* ABOUT THIS TASK:
Wherever the listing has a line with the string "have", copy that line out.

* INFORMATION GIVEN:
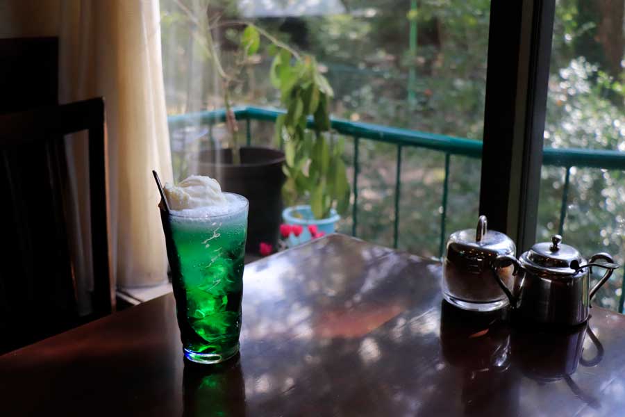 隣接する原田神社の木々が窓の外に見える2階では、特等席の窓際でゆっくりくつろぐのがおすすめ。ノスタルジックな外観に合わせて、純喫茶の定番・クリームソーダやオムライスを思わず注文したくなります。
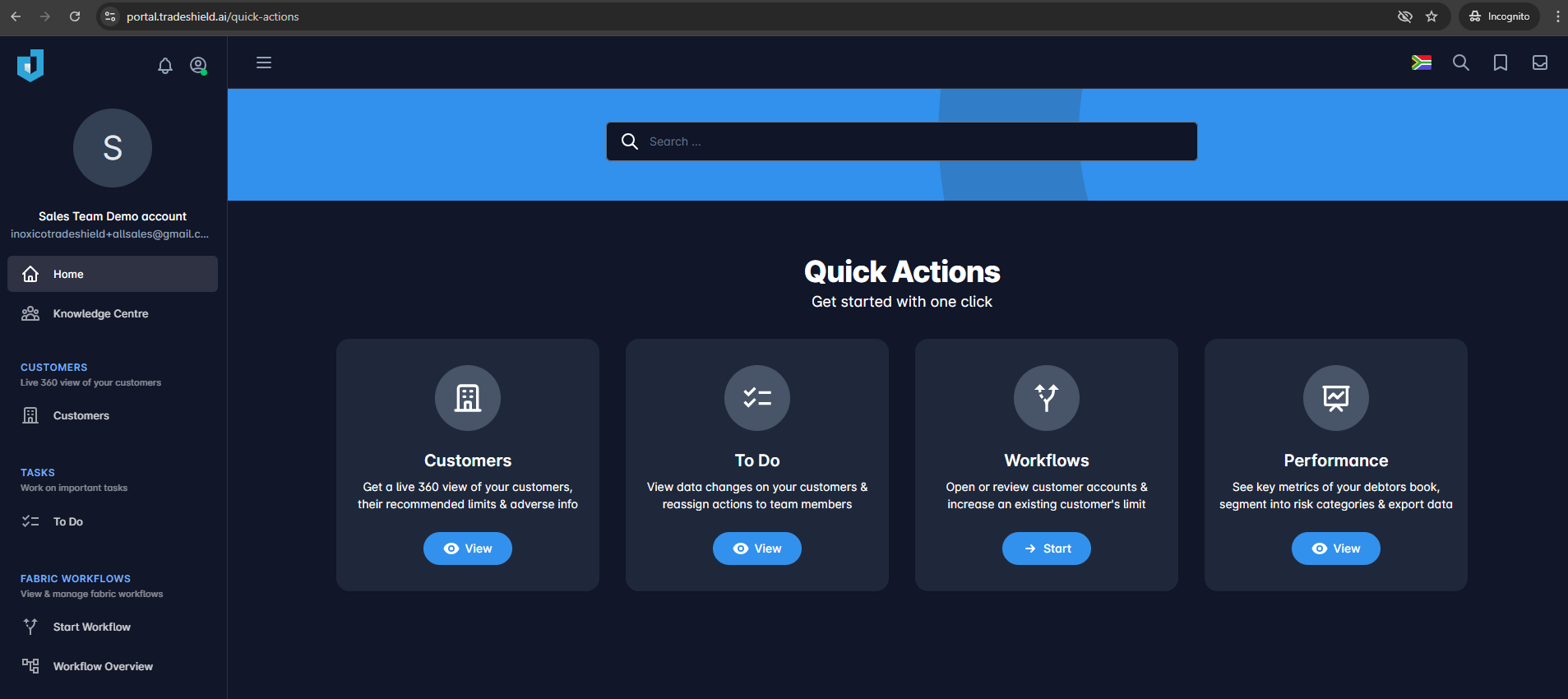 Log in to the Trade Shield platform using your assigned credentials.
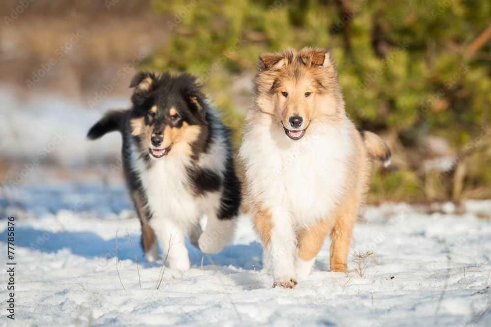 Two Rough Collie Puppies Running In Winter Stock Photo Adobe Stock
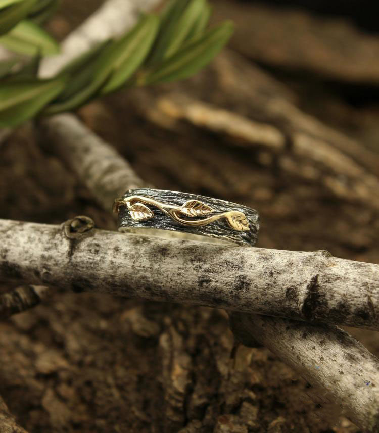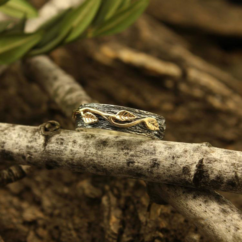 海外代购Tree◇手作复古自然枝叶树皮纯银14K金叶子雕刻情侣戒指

---

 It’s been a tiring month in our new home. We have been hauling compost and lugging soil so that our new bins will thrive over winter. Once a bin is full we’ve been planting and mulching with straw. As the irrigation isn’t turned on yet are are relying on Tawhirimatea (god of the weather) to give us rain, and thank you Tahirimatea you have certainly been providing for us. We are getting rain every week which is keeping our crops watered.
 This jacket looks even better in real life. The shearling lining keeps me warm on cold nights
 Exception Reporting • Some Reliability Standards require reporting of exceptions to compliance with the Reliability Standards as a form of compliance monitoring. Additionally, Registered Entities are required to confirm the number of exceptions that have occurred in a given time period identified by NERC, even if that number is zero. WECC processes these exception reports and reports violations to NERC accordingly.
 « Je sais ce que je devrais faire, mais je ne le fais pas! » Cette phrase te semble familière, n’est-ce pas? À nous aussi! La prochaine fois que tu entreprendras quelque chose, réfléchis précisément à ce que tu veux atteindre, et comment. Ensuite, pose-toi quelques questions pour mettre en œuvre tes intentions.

==

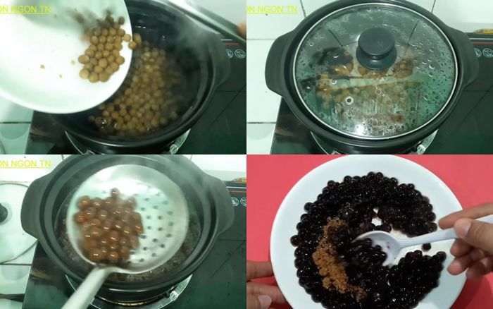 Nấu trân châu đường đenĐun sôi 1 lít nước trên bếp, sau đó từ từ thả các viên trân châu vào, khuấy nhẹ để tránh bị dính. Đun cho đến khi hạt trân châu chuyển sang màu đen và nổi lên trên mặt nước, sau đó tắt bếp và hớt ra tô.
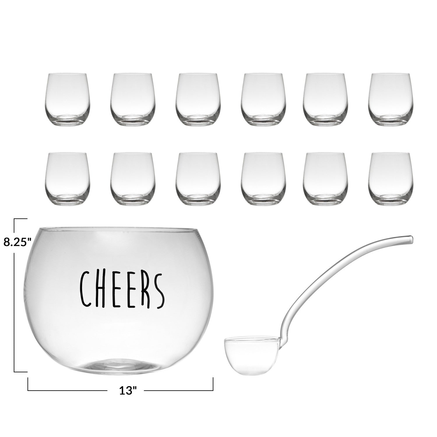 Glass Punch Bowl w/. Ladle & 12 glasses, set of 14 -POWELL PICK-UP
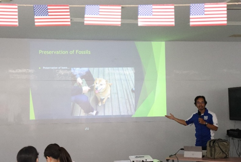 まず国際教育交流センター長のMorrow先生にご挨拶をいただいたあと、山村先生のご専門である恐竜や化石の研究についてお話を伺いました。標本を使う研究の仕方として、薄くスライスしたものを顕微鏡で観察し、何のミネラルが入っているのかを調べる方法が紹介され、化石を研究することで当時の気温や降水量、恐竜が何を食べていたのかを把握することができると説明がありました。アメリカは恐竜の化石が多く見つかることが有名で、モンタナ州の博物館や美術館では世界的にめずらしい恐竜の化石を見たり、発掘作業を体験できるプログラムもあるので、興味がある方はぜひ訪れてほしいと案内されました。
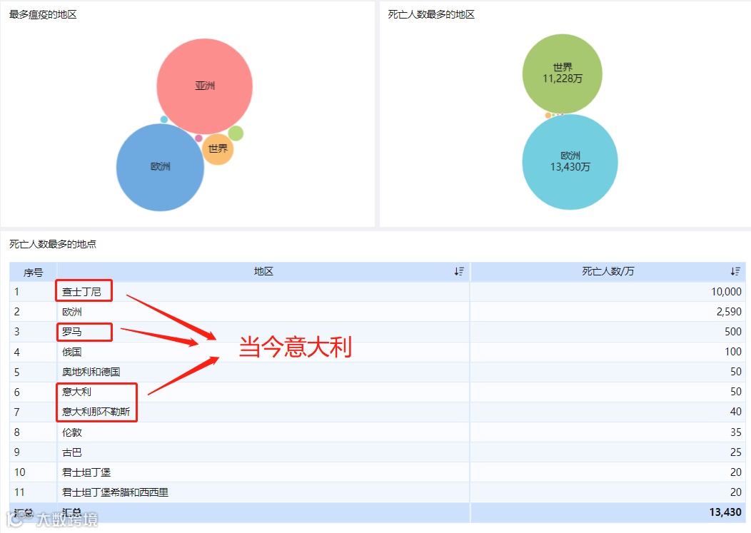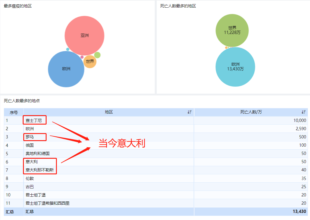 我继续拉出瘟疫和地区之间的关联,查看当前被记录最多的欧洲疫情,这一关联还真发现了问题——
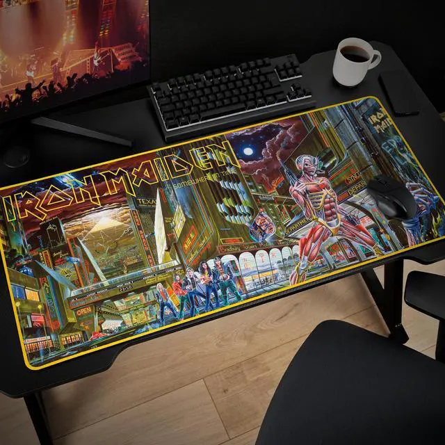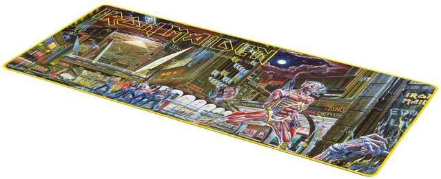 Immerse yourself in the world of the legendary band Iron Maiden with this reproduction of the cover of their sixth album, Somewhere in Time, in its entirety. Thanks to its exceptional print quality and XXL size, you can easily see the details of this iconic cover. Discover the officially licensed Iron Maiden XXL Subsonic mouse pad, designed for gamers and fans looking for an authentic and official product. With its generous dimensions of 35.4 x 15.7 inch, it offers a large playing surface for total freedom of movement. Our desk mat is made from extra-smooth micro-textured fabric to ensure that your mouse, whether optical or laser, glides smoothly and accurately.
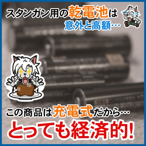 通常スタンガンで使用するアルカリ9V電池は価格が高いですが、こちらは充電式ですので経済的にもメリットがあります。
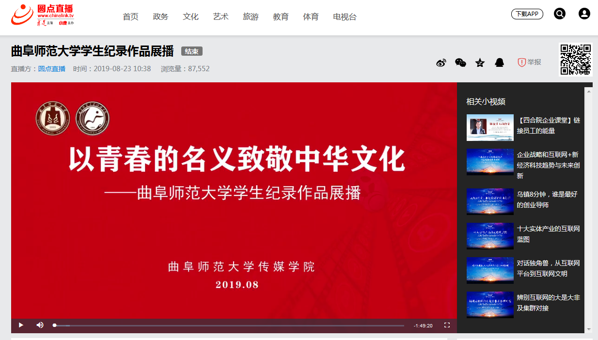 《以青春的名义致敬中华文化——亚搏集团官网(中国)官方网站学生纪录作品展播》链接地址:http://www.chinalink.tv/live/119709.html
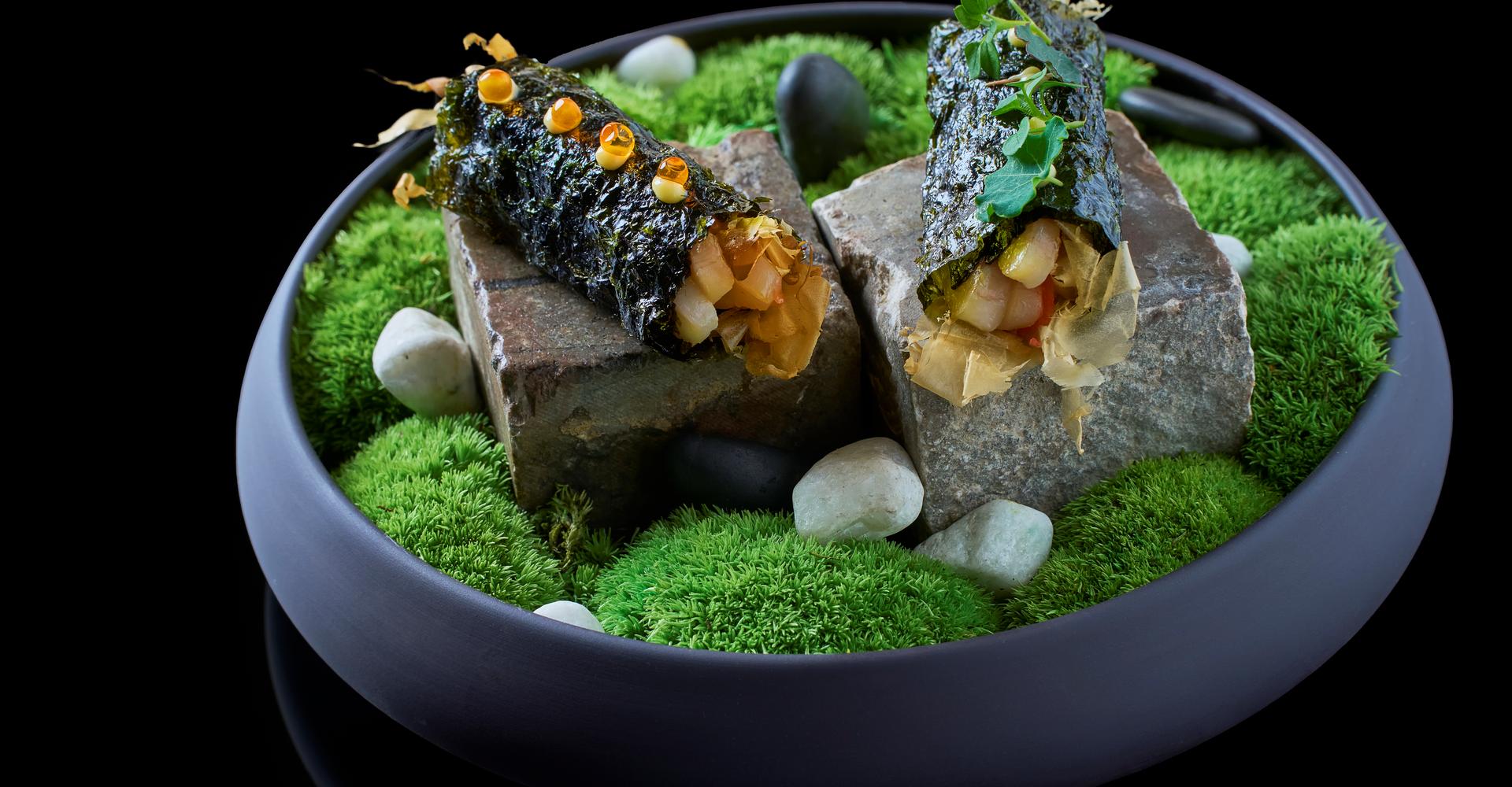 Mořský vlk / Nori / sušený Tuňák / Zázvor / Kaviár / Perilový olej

* ANSWER TO THE PROBLEM:
 It’s been a tiring month in our new home. We have been hauling compost and lugging soil so that our new bins will thrive over winter. Once a bin is full we’ve been planting and mulching with straw. As the irrigation isn’t turned on yet are are relying on Tawhirimatea (god of the weather) to give us rain, and thank you Tahirimatea you have certainly been providing for us. We are getting rain every week which is keeping our crops watered.
 Exception Reporting • Some Reliability Standards require reporting of exceptions to compliance with the Reliability Standards as a form of compliance monitoring. Additionally, Registered Entities are required to confirm the number of exceptions that have occurred in a given time period identified by NERC, even if that number is zero. WECC processes these exception reports and reports violations to NERC accordingly.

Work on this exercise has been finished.